**Requirement:**
Return only the lines below starting at the line containing "Jovi is a chic" and ending at the line containing "Qəzza zolağında İsrail", both included, exactly as they are and with no pictures.

**Input material:**
==============================

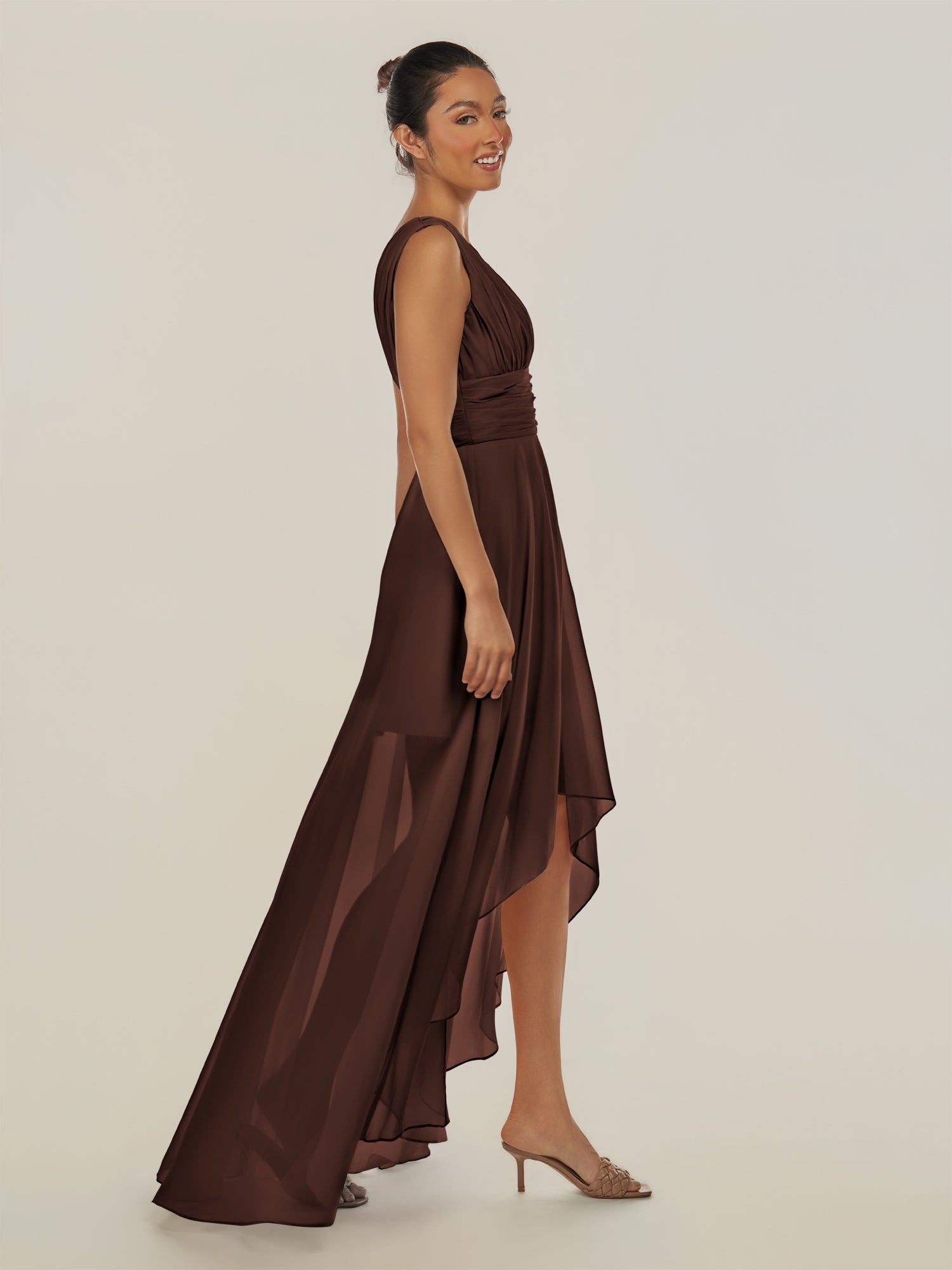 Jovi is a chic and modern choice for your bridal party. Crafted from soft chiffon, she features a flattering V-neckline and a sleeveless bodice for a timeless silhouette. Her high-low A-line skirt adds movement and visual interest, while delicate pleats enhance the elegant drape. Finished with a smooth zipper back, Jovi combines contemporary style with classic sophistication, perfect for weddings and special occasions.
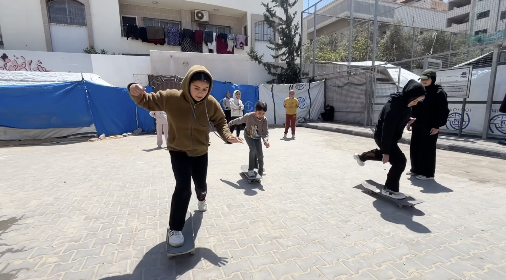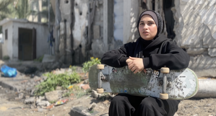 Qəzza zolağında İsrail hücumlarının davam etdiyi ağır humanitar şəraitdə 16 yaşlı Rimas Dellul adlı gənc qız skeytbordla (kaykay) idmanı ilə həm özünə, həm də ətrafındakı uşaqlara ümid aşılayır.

==============================

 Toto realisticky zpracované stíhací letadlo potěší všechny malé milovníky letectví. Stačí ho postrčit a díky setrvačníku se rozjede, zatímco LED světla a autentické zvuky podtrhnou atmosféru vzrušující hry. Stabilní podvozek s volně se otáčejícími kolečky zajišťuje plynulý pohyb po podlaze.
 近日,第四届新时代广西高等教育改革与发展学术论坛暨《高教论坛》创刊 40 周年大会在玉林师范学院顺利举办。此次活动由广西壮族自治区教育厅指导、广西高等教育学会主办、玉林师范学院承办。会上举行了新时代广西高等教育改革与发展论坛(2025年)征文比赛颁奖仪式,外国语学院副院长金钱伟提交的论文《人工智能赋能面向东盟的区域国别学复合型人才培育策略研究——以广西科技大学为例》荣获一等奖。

==============================

**Response:**
 Jovi is a chic and modern choice for your bridal party. Crafted from soft chiffon, she features a flattering V-neckline and a sleeveless bodice for a timeless silhouette. Her high-low A-line skirt adds movement and visual interest, while delicate pleats enhance the elegant drape. Finished with a smooth zipper back, Jovi combines contemporary style with classic sophistication, perfect for weddings and special occasions.
 Qəzza zolağında İsrail hücumlarının davam etdiyi ağır humanitar şəraitdə 16 yaşlı Rimas Dellul adlı gənc qız skeytbordla (kaykay) idmanı ilə həm özünə, həm də ətrafındakı uşaqlara ümid aşılayır.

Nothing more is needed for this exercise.